AI tools are everywhere now.
At school, at university, and at work.
Tools like ChatGPT, Gemini or Claude are used daily by millions of people.

The problem is not using AI.
The problem is how many people use it.

Most of the time, it looks like this:

  • no clear prompt

  • or just “do it for me”

The result is predictable:

  • no real learning

  • bad prompts lead to bad answers

  • facts are rarely checked

AI slowly replaces thinking instead of supporting it.

I am not excluding myself here.
Everyone has done it at least once.
But if this becomes a habit, learning stops.
AI works, while we scroll through social media.

Another issue is accuracy.

I once tested a locally running AI model on a rented VPS.
Out of curiosity, I asked a simple question:
Who is the latest president of the United States?

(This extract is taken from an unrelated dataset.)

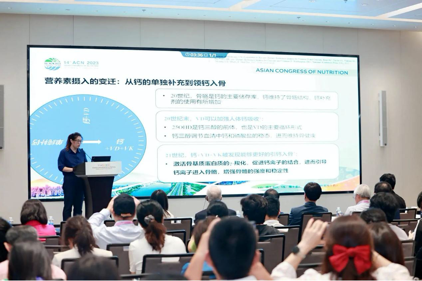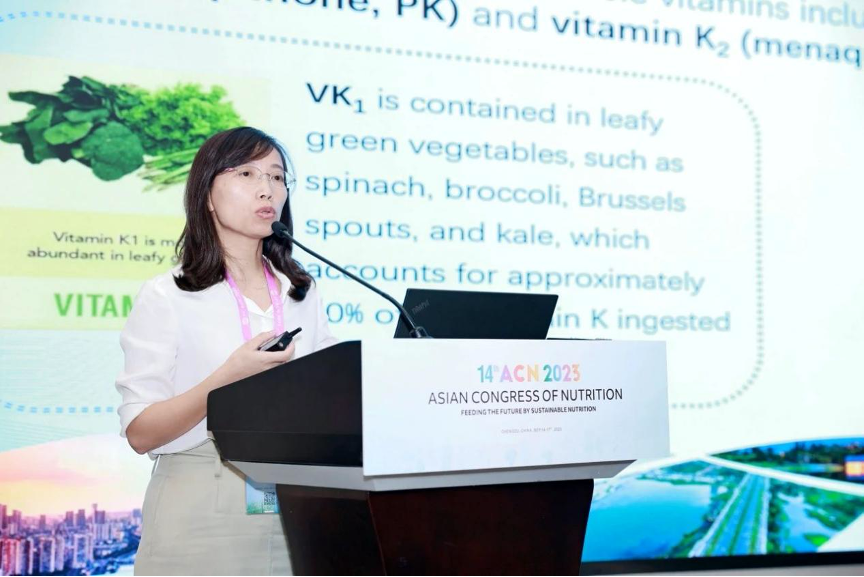 哈尔滨医科大学公共卫生学院院长李颖教授作了以《补充维生素K2通过肠道微生物组和粪便代谢产物改善2型糖尿病患者受损的血糖稳态和胰岛素敏感性》主题的研究报告,报告指出,维生素K2可以通过肠道菌群和共代谢物改善糖尿病患者的血糖控制和胰岛素敏感性,改善糖尿病患者的血糖状态,稳定患者的相关健康指标。
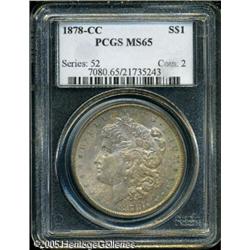 <B>1878-CC<img border='0' src='http://www.heritagecoins.com/images/star.gif' width=10 height=10>$1 MS65 PCGS.</B></I> Variegated golden-brown, mauve, and olive colors enrich this meticulously struck Silver Dollar. A few small marks on the cheek are concealed by the original patina. Lot:9903

The answer was George W. Bush.

Funny, but also dangerous.

If I had asked that same model to create a presentation, a blog, or a newsletter with “current data”, the result would look confident but be completely wrong.

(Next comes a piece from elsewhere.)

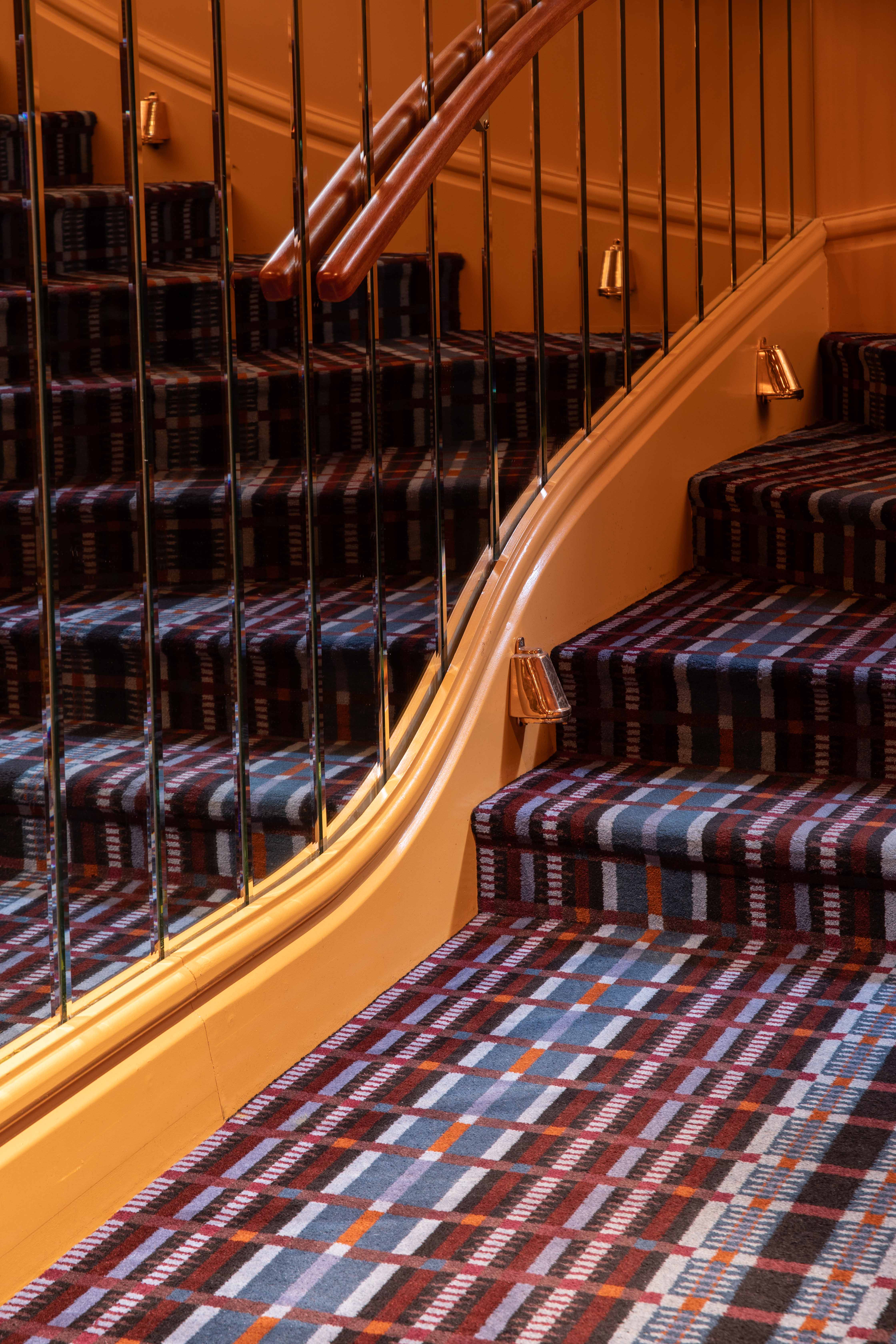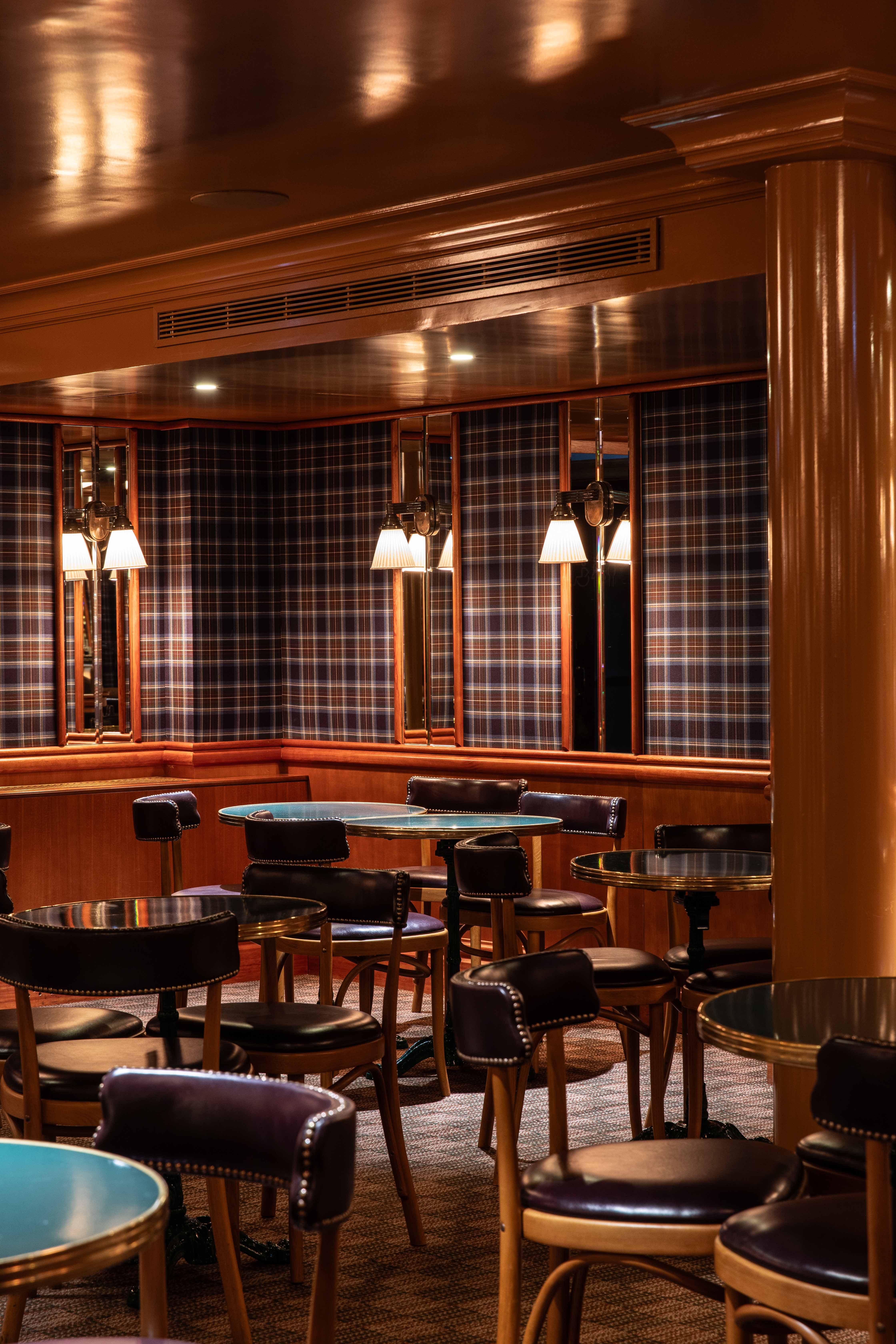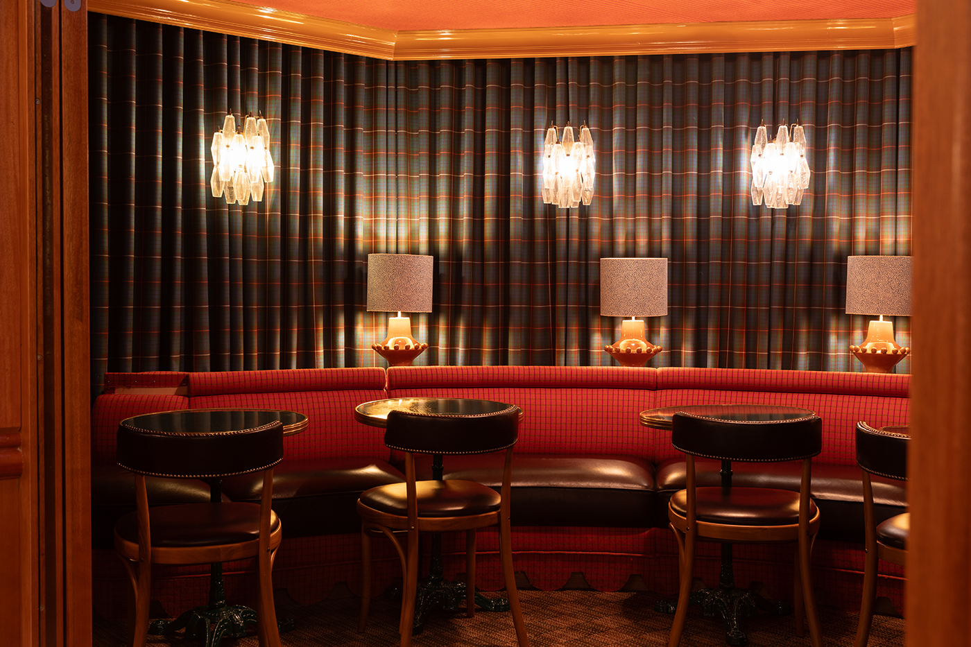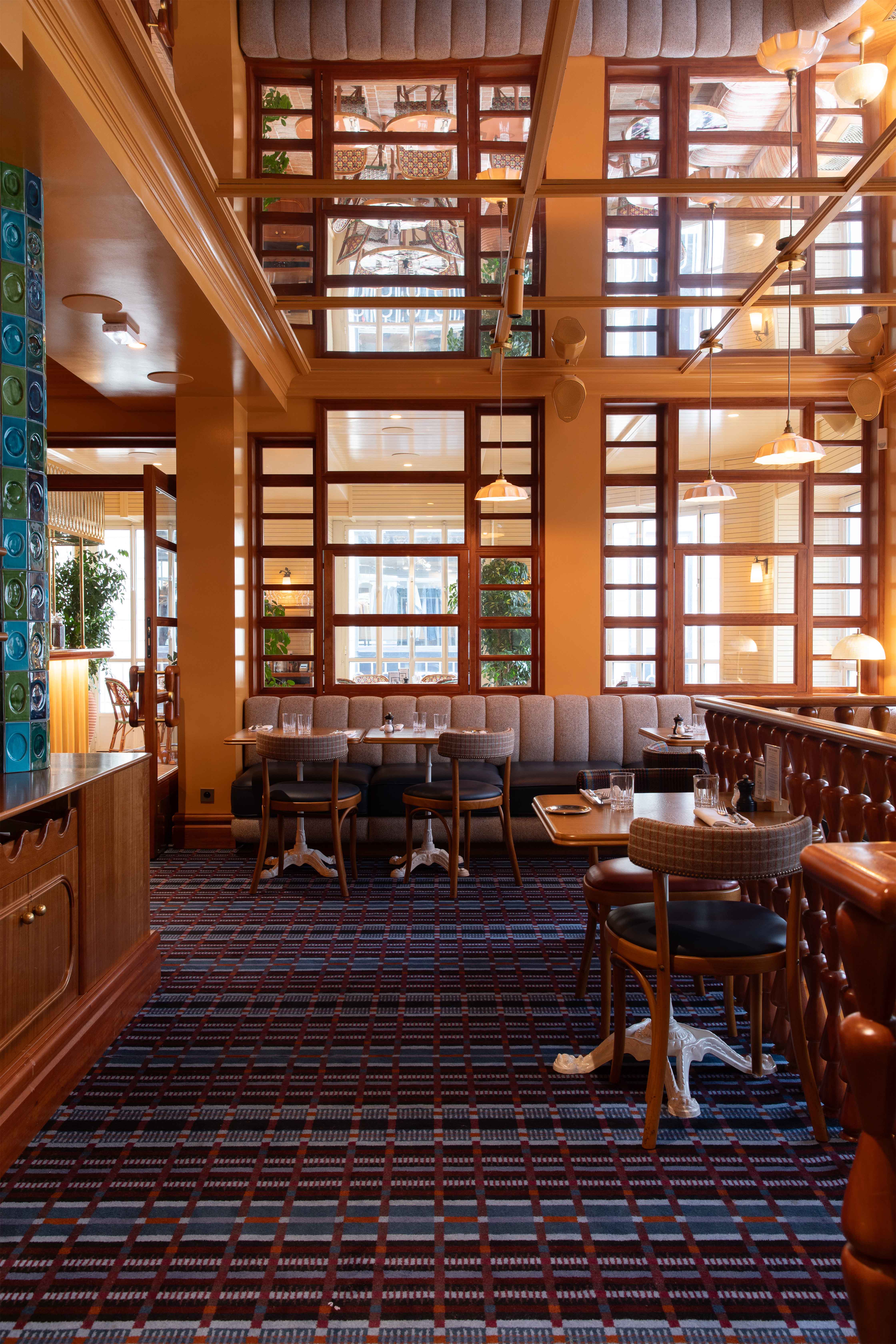 Au rez-de chaussée, les banquettes du restaurant sont habillées de la collection SEQUANA principalement composée de tissus en laine tissée dans le comté de Donegal, en Irlande. Cette collection s’intègre parfaitement dans ce projet à la fois grâce à ses caractéristiques techniques adaptées aux établissements à forte fréquentation, car la laine offre une grande résistance idéale pour les assises, mais aussi grâce à ses motifs tels que les rayures ou le tartan aux couleurs audacieuses. On retrouve le carreau signature GRETA et ses élégants chevrons. Les tabourets de bar sont quant à eux recouverts du motif Prince de Galles TERENCE en pure laine vierge avec un esprit « tartan ».

And this happens more often than many think.

A study published by EY shows that a large number of users trust AI outputs without verifying them.
Many people rarely check facts, edit results, or question the answers at all.

At the same time, concerns about misinformation, deepfakes, and loss of control are rising.

That contradiction is the core problem.

AI is a powerful tool.
Used correctly, it can accelerate learning and productivity.
Used blindly, it becomes a shortcut that costs knowledge.

The rule is simple:

AI should support your thinking, not replace it.